Myself and my wife have been together 26 years, married 18 years and we’re 44, so obviously got together young. 3 kids....16, 12, 10. On the whole, we’ve got on well, been successful, a good team and believe it or not, do love each other. I’ve come to realise through my wife, that amongst my many failings, that I have huge problems dealing with and showing my emotions, lying too easily and communicating. She is the opposite. My whole family are also like me too. 

My wife has never been with anyone else but me and other than a fairly recent emotional affair, which pales into insignificance in comparison with my misdemeanours, has been loyal. Myself on the otherhand have cheated almost right through the relationship, mostly with escort girls, and I’ve hidden it very well, right up until a few months back. 

I’ve tried to figure out why I’ve behaved so badly, I know my wife deserves so much more, but at times I’d justify my behaviour to myself, other times be consumed by guilt or shut it off altogether as if it hadn’t happened. Eventually, I end up repeating it. 

After a great first 5 or 6 years together, and prior to being married, I had to go away for a week and ended up falling head over heels for another girl and cheated for the first time. It was like nothing I’d ever experienced. She ended her own relationship on the back of this. I came back home miserable and my other half knew I wasn’t right. I struggled. I still loved her but was very confused, and immature looking back. A week later, my partners brother and sister were tragically killed. I didn’t talk about my feelings and gave her all the support I could. I cut off contact with the other girl, which killed me, but told myself I would be stupid to throw away what I had and that I’d made a mistake. I still think of the other girl almost every day.

A few months later, i proposed. A year later, married. A year after that, first child. My wife changed as a person just prior to marriage, into someone that was often extremely depressed and angry. Kids compounded this. I gave all the support I could and worked hard for the family.i didn’t blame her but at times resented her as she didn’t like me having any hobbies or interests. Even time spent with the kids I’d feel guilty about. 

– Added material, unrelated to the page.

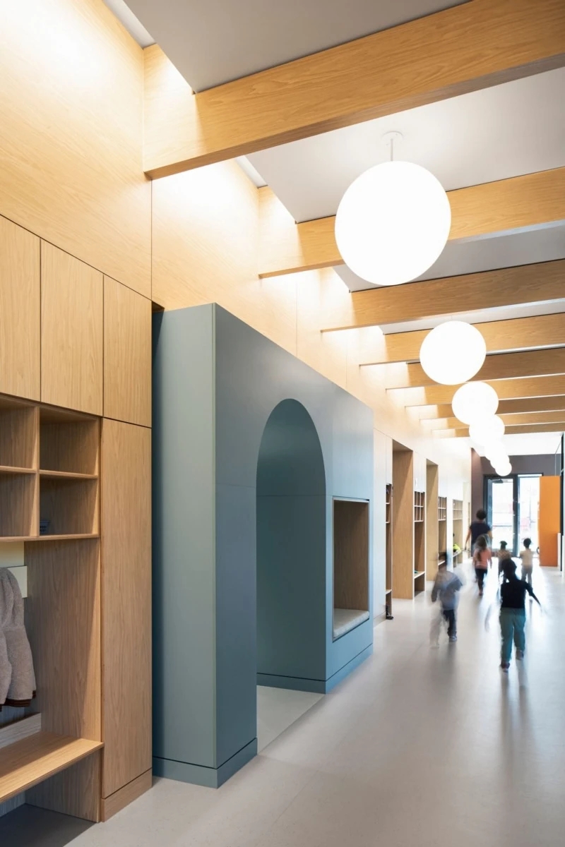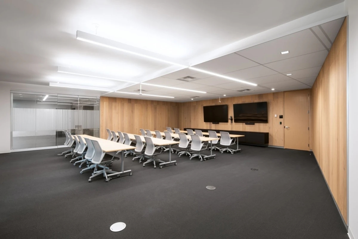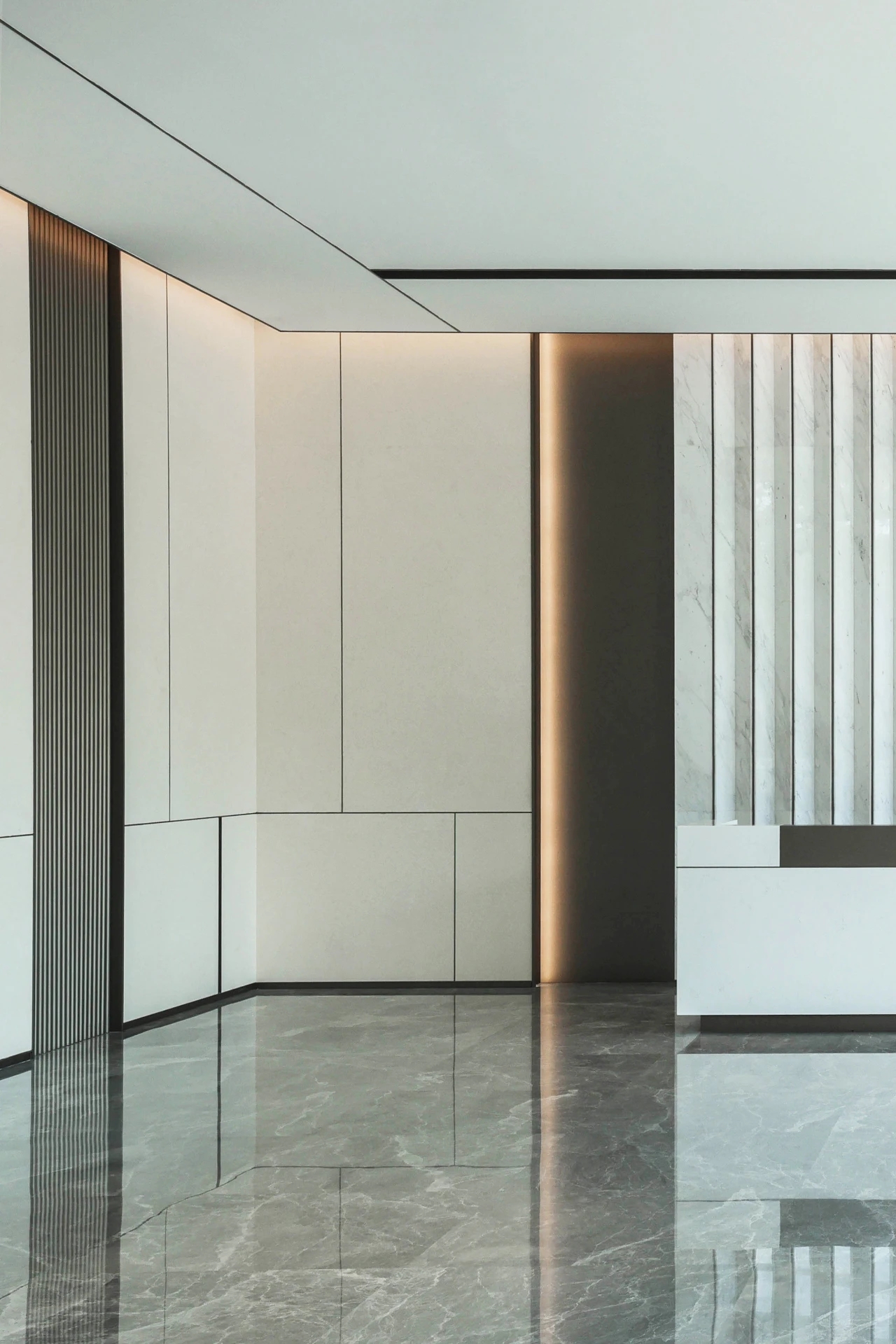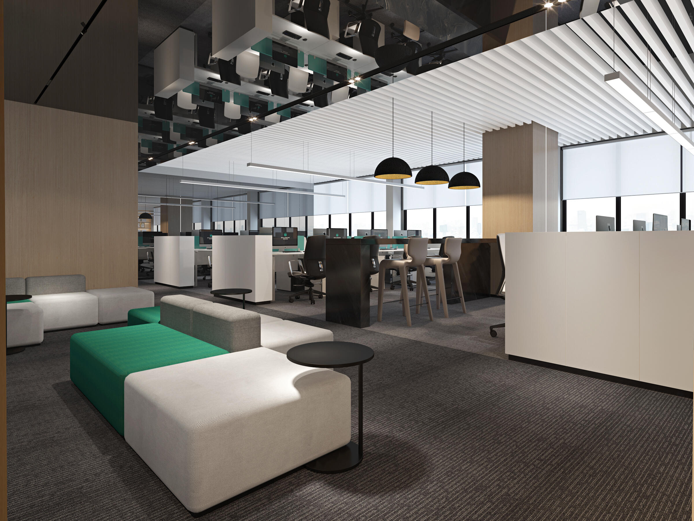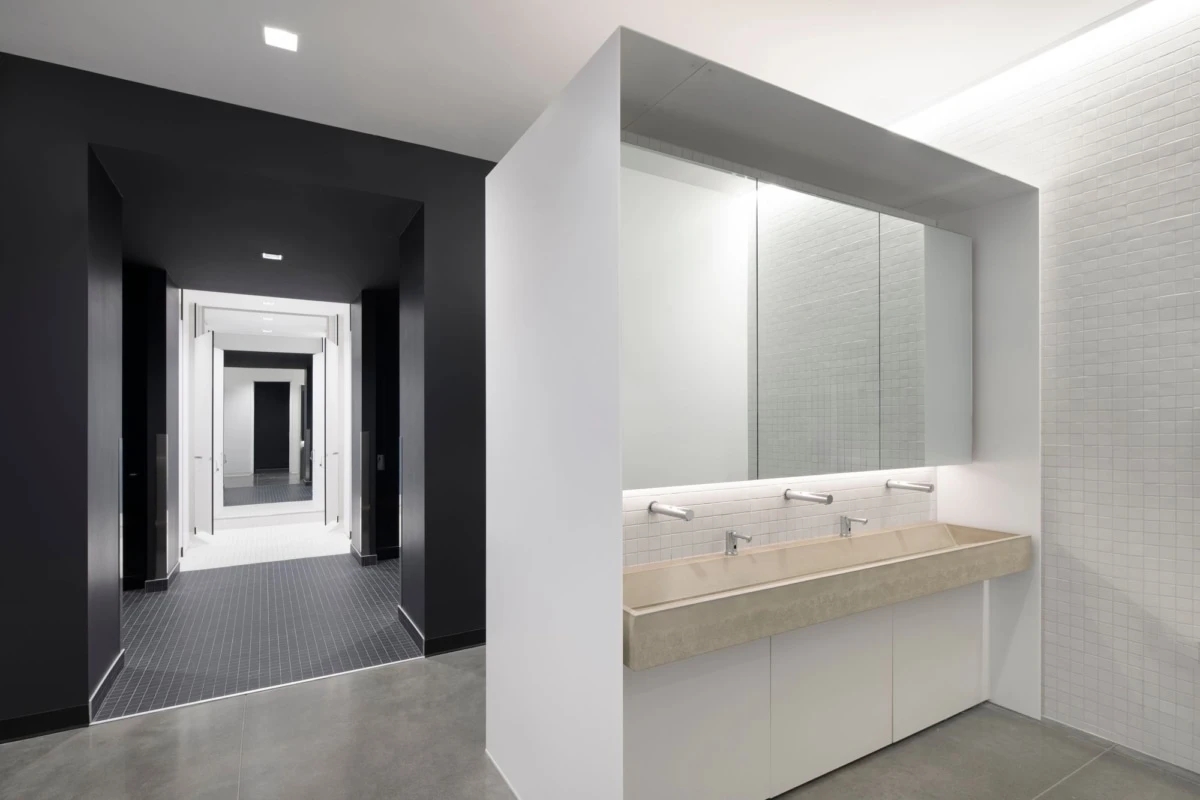 项目最大的挑战是如何在完成不同楼层和部门空间功能需求的同时,将空间构成和气质统一在一个场域精神中。设计通过控制室内的动线布局、尺度比例、材质肌理、形态色泽和灯光陈设,让空间以纯粹、有序、宁静的构成,凝成一股沉稳大气、积极向上的精神力量。

What I couldn’t do was stop cheating. Countless liaisons with escort girls followed over the years. Luckily, I never picked anything up or passed it on. My sex life with my wife remained pretty healthy. Eventually, I became sloppy, and she suspected. I confessed to one encounter. In truth, I couldn’t even count them if I tried. She was devastated. Thoughts of telling all quickly evaporated. Stupid as it sounds, I never quite understood until recently, but it’s the lying that has caused the biggest problem for her, and our relationship. The trust is gone and she really struggles to get over it. She also toils with regret over never having lived a life prior to marriage. 

I’ve made that sound all rather horrific. And it is to a degree but we do have fun together, do look after each other and do still love each other. My wife is soft, gentle and caring. We are talking about whether it’s right to split though as there’s periods of bickering and feelings of regret from both. If my wife knew the whole story the decision would be easy. It would also knock her confidence to pieces forever and cause so much upset. I feel I owe her to leave and give her chance of better but she worries she’ll be left on the shelf and it would kill her if I found someone. I wouldnt ever want her to be miserable. It’s so messed up and hard to see anything but hurt.


----------



## Livvie (Jan 20, 2014)

I think you should leave. She shouldn't have to be with a man who has had sex with too many escorts to count during the marriage, whether she knows it or not. 

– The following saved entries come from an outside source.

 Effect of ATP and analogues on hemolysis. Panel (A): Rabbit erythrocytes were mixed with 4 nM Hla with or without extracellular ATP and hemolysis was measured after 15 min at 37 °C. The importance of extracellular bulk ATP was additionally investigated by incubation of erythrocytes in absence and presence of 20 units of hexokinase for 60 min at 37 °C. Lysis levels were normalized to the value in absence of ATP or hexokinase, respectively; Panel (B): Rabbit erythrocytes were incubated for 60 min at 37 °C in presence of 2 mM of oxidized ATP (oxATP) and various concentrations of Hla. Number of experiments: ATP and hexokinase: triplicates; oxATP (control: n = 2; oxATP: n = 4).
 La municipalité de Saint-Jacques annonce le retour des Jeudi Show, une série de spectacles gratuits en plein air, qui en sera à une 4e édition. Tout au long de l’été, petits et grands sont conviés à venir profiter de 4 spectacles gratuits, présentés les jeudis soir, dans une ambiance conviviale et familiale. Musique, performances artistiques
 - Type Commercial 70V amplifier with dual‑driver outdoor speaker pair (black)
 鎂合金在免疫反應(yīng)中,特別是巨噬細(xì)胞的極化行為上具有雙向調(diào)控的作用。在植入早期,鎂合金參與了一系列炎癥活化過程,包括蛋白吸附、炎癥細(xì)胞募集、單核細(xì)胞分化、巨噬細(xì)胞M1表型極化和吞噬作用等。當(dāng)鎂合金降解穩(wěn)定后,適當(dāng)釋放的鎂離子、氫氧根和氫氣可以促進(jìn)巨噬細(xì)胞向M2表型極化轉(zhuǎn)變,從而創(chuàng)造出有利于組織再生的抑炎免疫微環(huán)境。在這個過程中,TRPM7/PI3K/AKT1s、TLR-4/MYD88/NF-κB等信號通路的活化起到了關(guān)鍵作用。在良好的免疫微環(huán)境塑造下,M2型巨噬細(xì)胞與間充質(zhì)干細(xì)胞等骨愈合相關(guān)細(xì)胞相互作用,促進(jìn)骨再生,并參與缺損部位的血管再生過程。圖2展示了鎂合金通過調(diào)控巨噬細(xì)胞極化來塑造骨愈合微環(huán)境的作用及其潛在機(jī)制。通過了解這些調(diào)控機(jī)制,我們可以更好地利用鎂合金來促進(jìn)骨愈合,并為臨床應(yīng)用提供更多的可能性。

You already put her on a shelf.

Do her a favor and leave. I'd be horrified to be married to a man who had been with multiple escorts. Horrified is actually too weak of a description.


----------



## TJW (Mar 20, 2012)

Caledonianguy69 said:


> I’ve tried to figure out why I’ve behaved so badly, I’d justify my behaviour to myself, other times be consumed by guilt or shut it off altogether as if it hadn’t happened. Eventually, I end up repeating it.

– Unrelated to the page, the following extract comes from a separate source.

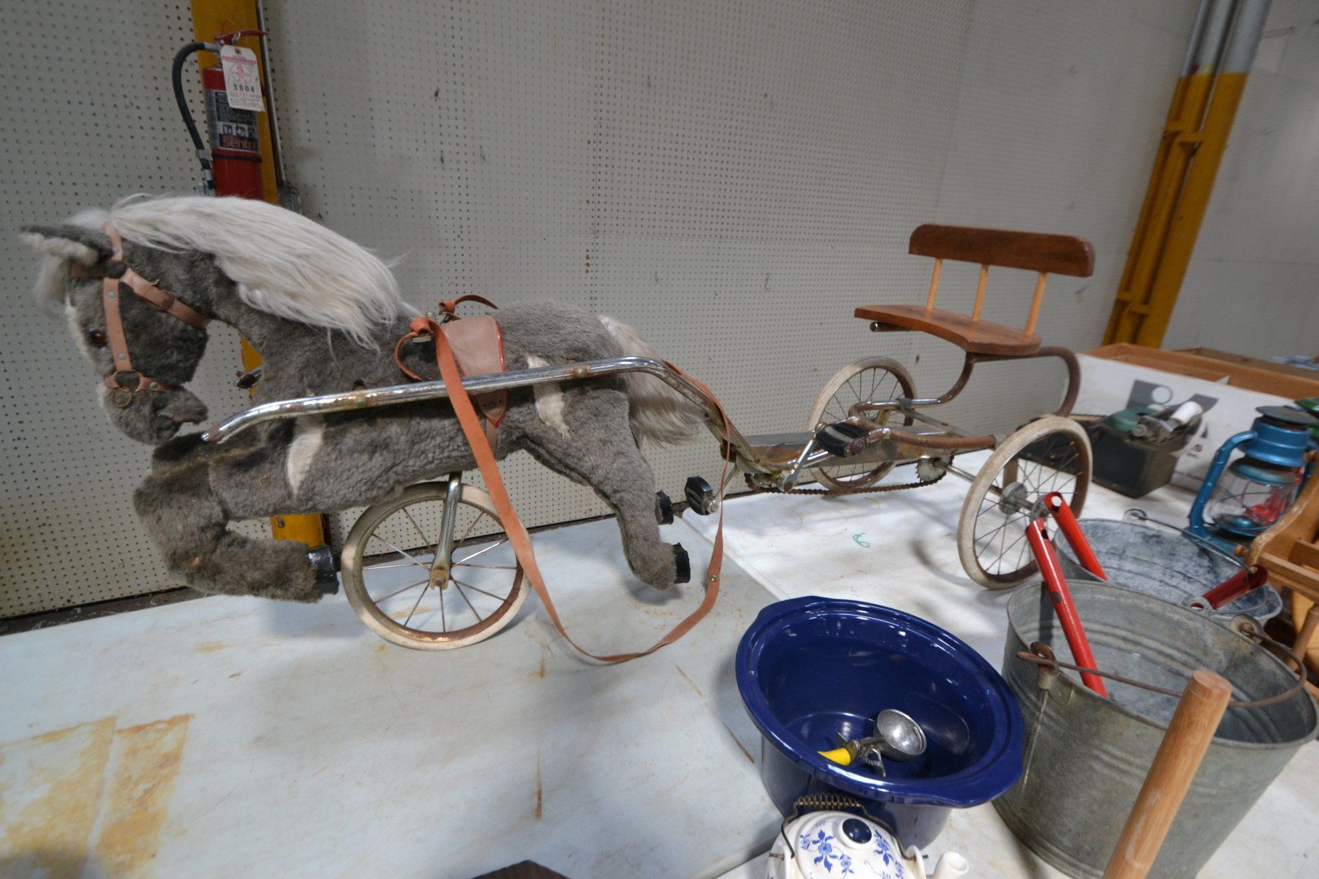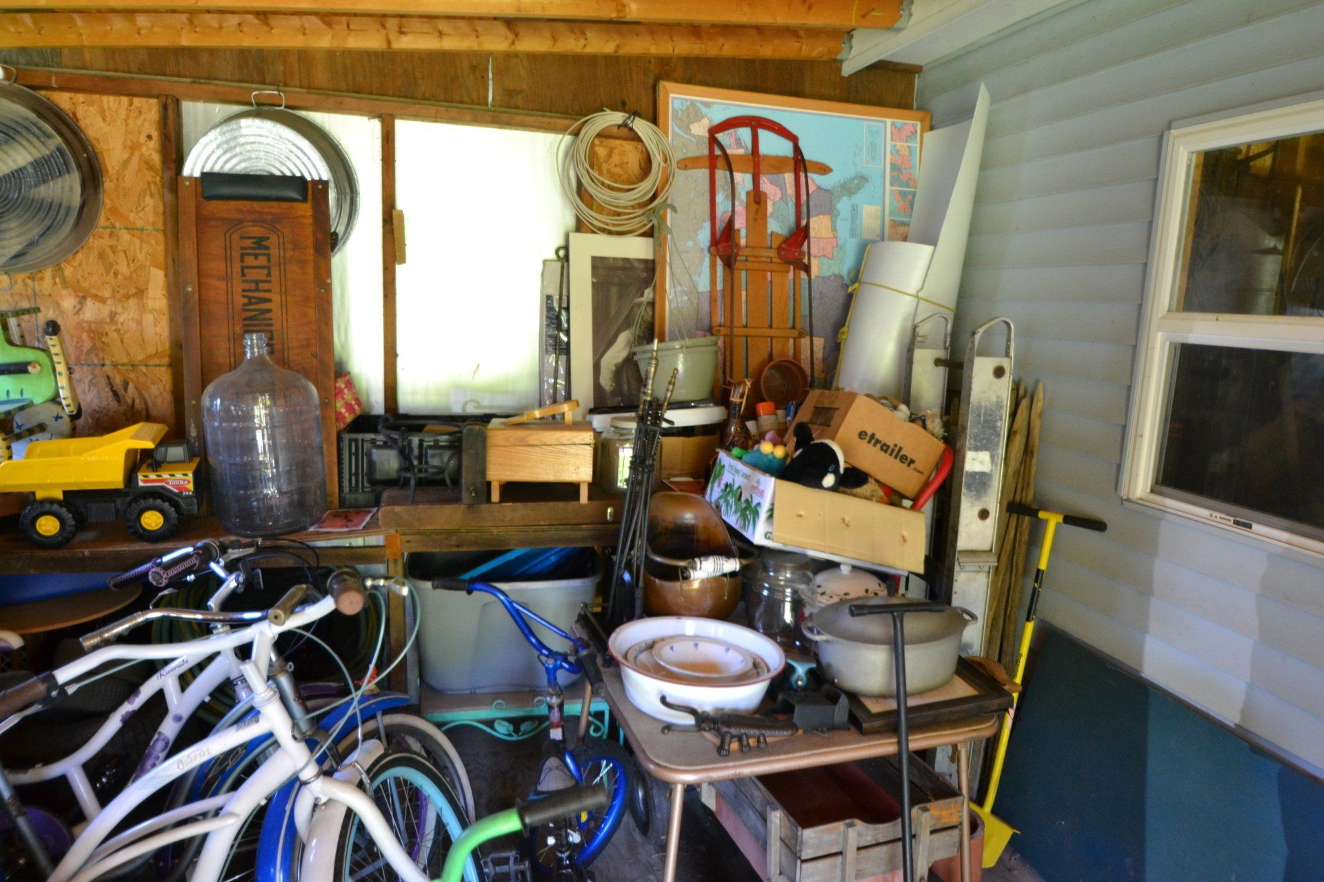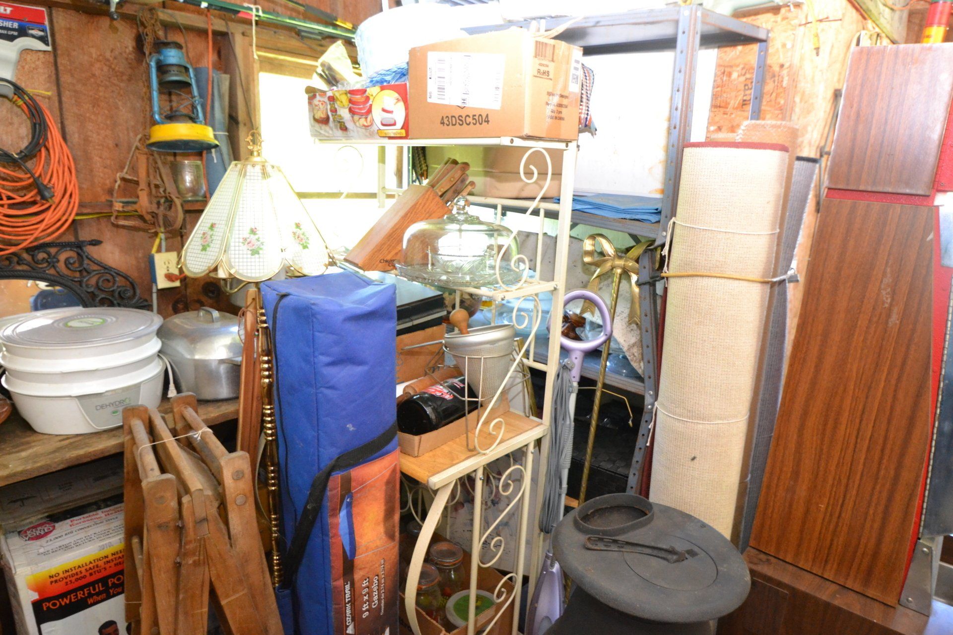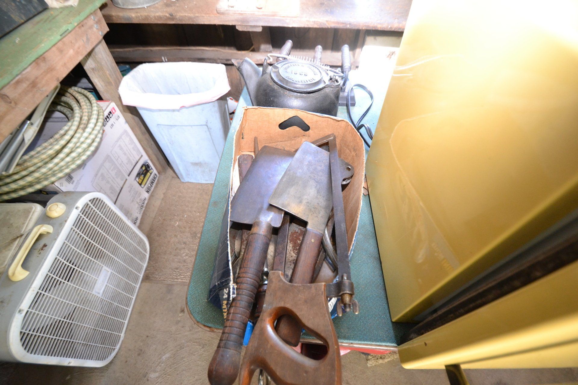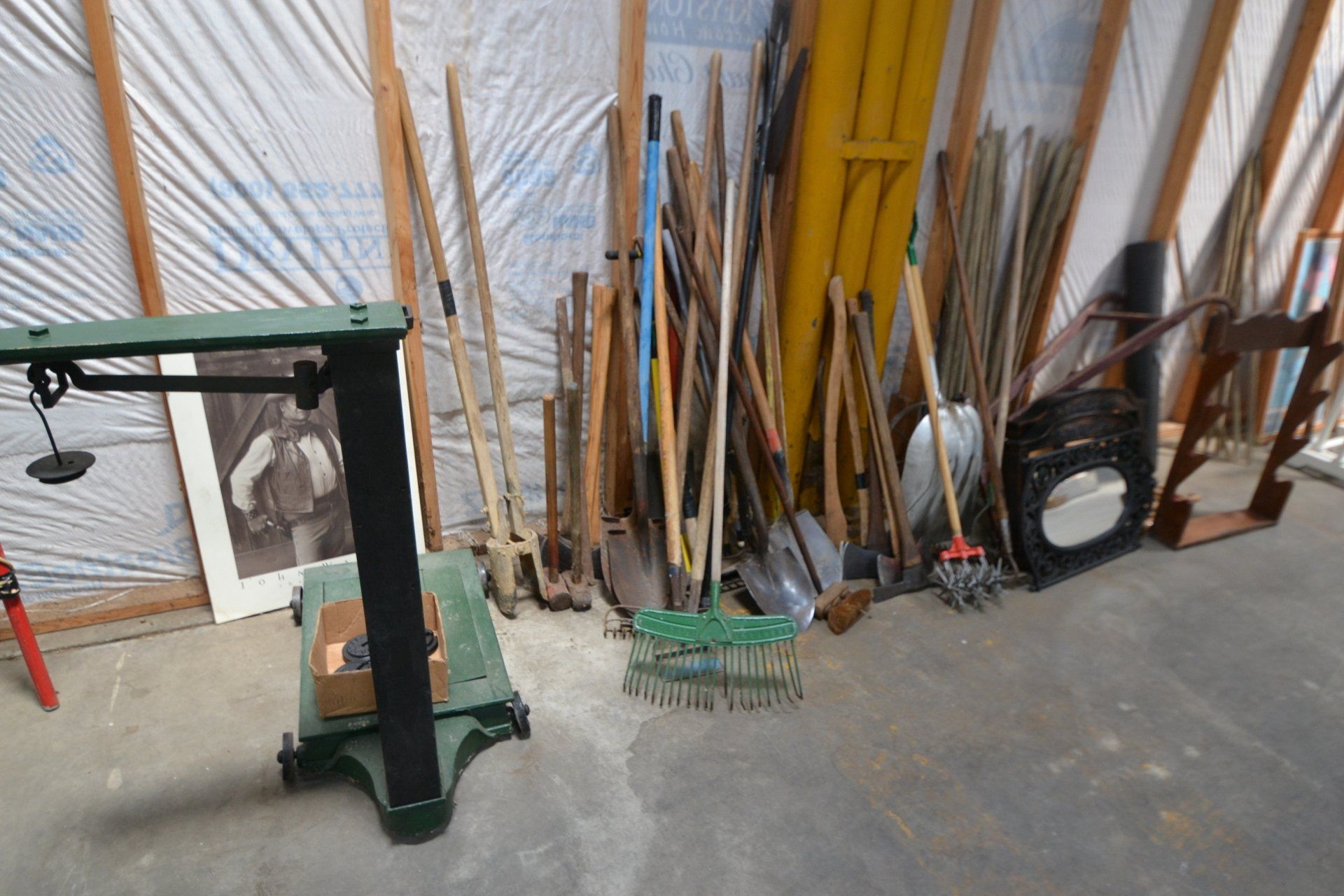 Copper Clad H-series, wood burning kitchen range, complete, functional and very nice; Sceinch kitchen cabinet w/ flour bin and sifter; butchers block; several small cast iron kitchen and laundry stoves; 25 cent Aristocrat slot machine; dozens and dozens cast skillets, Griswold, Wagner, etc; cast iron pitcher pump; large cast iron pots; several lard presses; nice cream and milk cans; wash boilers; Gem cistern pump; very large cast iron pot with spider, lid and handle; Crosley style baby stroller; brass oil can; zinc top jars; Radio Flyer wagon; several old wagons; large selection of great older bikes in good condition; corn sheller; old step stool; old automotive equipment; reel type mower; crockery; lanterns; several park benches; child’s park bench; brass; porcelain; sleds; laundry tubs with base and ringer; meat cleavers; some really nice fishing poles; small pot-belly stove; cast tea pot; collection of churns- Daisy, hand cranks, tumbler, dasher styles; meat saws; bells; tins; bottle capper; tobacco hand setter; cross cut saws wheat scythes; buck saw; meat grinders; tobacco grinder; cast iron bean pots; bee smoker; boxes of knives; cigarette lighters; wash boards; Audiovox display with several vintage radios and speakers; Troy-Bilt pressure washer; Acetylene tanks, torches and cart; garden tools; hand tools; hitches; chain fall; jacks tool boxes; mini roto-tiller; bull float; much more!

You can "try to figure out" no more. You have given yourself the 3 answers to that question, and to why you repeat it. If you want to continue to behave in this way, then just keep doing these 3 things. If you want to correct your behavior, then you must:

1) refuse to justify yourself, recognizing that you have NO SUCH AUTHORITY to do so;
2) allow yourself to accept God's forgiveness as the basis for your justification, recognizing that you do not deserve it;
3) stop "shutting off" those reminders. They are God's way of "reaching" you, He wants to SAVE you from your sins. Respond towards Him.



Caledonianguy69 said:


> If my wife knew the whole story the decision would be easy. It would also knock her confidence to pieces forever and cause so much upset. I feel I owe her to leave and give her chance of better but she worries she’ll be left on the shelf and it would kill her if I found someone. I wouldnt ever want her to be miserable. It’s so messed up and hard to see anything but hurt.


Make no mistake about it. There is nothing but hurt, if you limit your choices to "stay" as you are, or "leave". And, the end of those two "doors" is hurt.

There is, however, a third "door". It is the most difficult door, and, to be sure, there is hurt behind it...but there is, to follow hurt, redemption.

This door is going to be difficult for both you and your wife, both of you will have to do "heavy lifting". This door will require you to do those 3 steps I already described for you, and a fourth, which is for you to BECOME the husband your wife deserves.

Honestly, sir, this is what you owe your wife. Think back upon what you promised her....it was that you would pick door #3.
You never promised, but I think you, if you look inside, you will understand that door #3 is what you owe to your kids, too.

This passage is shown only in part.